Keşmir’deki Saldırı ve Hindistan-Pakistan Gerilimi

0
42

Keşmir’de sivil turistlere yönelik son saldırı, 2019’dan bu yana bölgede meydana gelen en ciddi saldırılardan biri oldu ve Hindistan ile Pakistan arasında gittikçe tırmanan bir krizin başlamasına neden oldu.

Hindistan ve Pakistan arasındaki gerilim tartışmalı Keşmir bölgesinde Salı günü yirmi altı kişinin ölümüne neden olan terör saldırısının ardından daha da şiddetlendi. Yeni Delhi saldırıdan komşusunu sorumlu tutarken İslamabad olayla ilgili olduğuna dair iddiaları reddetti.

Bu olayın ardından bir dizi misilleme yaşandı ve nükleer silahlara sahip iki rakip arasında askeri gerilimin daha da tırmanması bekleniyor. Hintli yetkililer, birliklerinin Cuma günü Keşmir’de Pakistan askerleriyle ateş teatisinde bulunduğunu söyledi.

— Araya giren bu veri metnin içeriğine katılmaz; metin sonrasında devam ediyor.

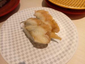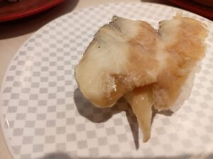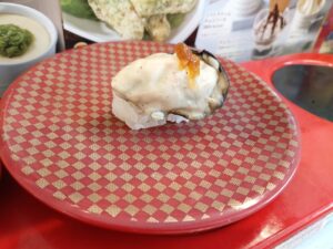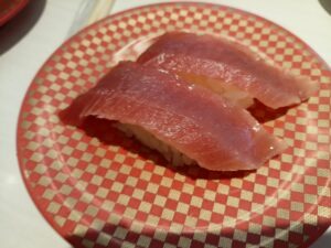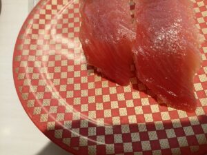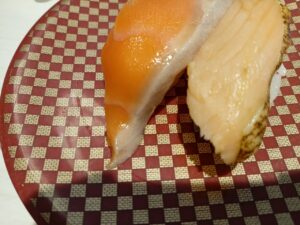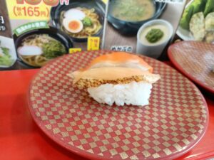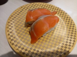 昼食時の回転寿司は何処もお昼時には混み合っていて、行列ができているところが多いのですが待ち時間もなく座席につけました。回転寿司の「魚べい」はタッチパネルで注文してから生寿司が乗ったお皿が届きます。真っ先にお馴染みの「サーモン」を頼みました。

Keşmir Pahalgam’da bu hafta meydana gelen saldırı ne kadar önemliydi?

Bu terör saldırısı, 2019 yılında Pulwama’da Hint paramiliter askerlerini taşıyan bir otobüsün hedef alındığı ve kırk kişinin ölümüne neden olan bombalı araç saldırısından bu yana eyalette meydana gelen en ciddi saldırıdır. Ayrıca bu saldırı, yirmi yılı aşkın bir süredir sivillerin -sıradan turistlerin- hedef alındığı en kötü saldırılardan biridir.

Şu ana kadar saldırının sorumluluğunu Direniş Cephesi (TRF) üstlendi. Grup, öncelikle Keşmir Vadisi’nde faaliyet gösteren İslamcı Selefi kökenli bir terör örgütü olan Lashkar-e-Taiba’nın (LeT) vekilidir. LeT 1980’lerde Sovyet-Afgan Savaşı sırasında dönemin El Kaide lideri Usame bin Ladin tarafından finanse edilerek kurulmuştur.

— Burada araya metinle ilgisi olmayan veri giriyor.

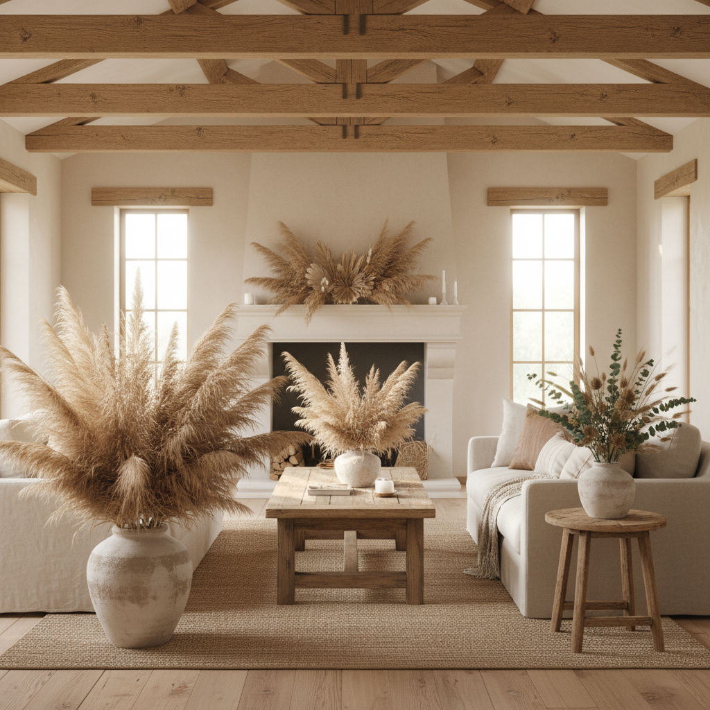 - Tall Floor Vases: Ideal for large, impactful statements with pampas grass in entryways or living rooms.

Grup Pakistan’da yerleşiktir ve iddialara göre Pakistan’ın Servisler Arası İstihbarat teşkilatı ve Pakistan ordusu tarafından desteklenmektedir. LeT, 2008 Mumbai saldırısı ve 2001’de Hindistan parlamentosuna yapılan saldırı da dâhil olmak üzere Hindistan topraklarında gerçekleştirilen birçok saldırının sorumlusu olarak bilinmektedir. 2002 yılında Amerika Birleşik Devletleri LeT’i Yabancı Terör Örgütleri (FTO) listesine eklemiş, bu da Pakistan’ı görünürdeki desteğini kaldırmaya ve örgütü yasaklamaya zorlamıştır.

LeT liderleri, Hindistan’ın bölgeye özel ayrıcalıklar ve özerklik tanıyan Hindistan anayasasının 370. Maddesini iptal ettiği 2019 yılında harekete geçerek TRF’nin çekirdeğini oluşturdu. Bu isim, Hindistan hükümetine karşı dini ya da yabancı bir direnişin aksine yerli Keşmir direnişini sembolize ediyordu. 2020’den bu yana Keşmir’deki saldırıların sorumluluğunu LeT veya Jaish-e-Muhammad (FTO listesindeki bir başka cihatçı grup) gibi eski dini terör örgütleri yerine TRF üstlendi.

Hindistan ve Pakistan arasındaki son gerginlikler neye işaret ediyor?

Hindistan-Pakistan ilişkileri son birkaç yıldır nispeten itidalli ve istikrarlı bir seyir izliyordu. Ancak son yaşanan bu elim saldırı durumu değiştirebilir. Hindistan, LeT’in saldırılar gerçekleştirmeye devam etmesinden doğrudan Pakistan’ı sorumlu tutuyor. Pakistan hükümeti ise saldırıdan sorumlu olduğu yönündeki iddiaları reddediyor. Ancak hükümetin inkarına rağmen, Pakistan ordusu kendini jeopolitik olarak dışlanmış hissettiğinde böyle bir saldırının olağan şüphelisi olarak öne çıkıyor. Zira; ABD Başkanı Donald Trump yüz günden az bir süredir görevde ve bu kısa süre içinde Hindistan Başbakanı Narendra Modi Washington’u ziyaret etmekle kalmadı, ABD Başkan Yardımcısı JD Vance de saldırı gerçekleştiği sırada Yeni Delhi’deydi ve bu saldırı tüm dikkatleri Keşmir’e çekti.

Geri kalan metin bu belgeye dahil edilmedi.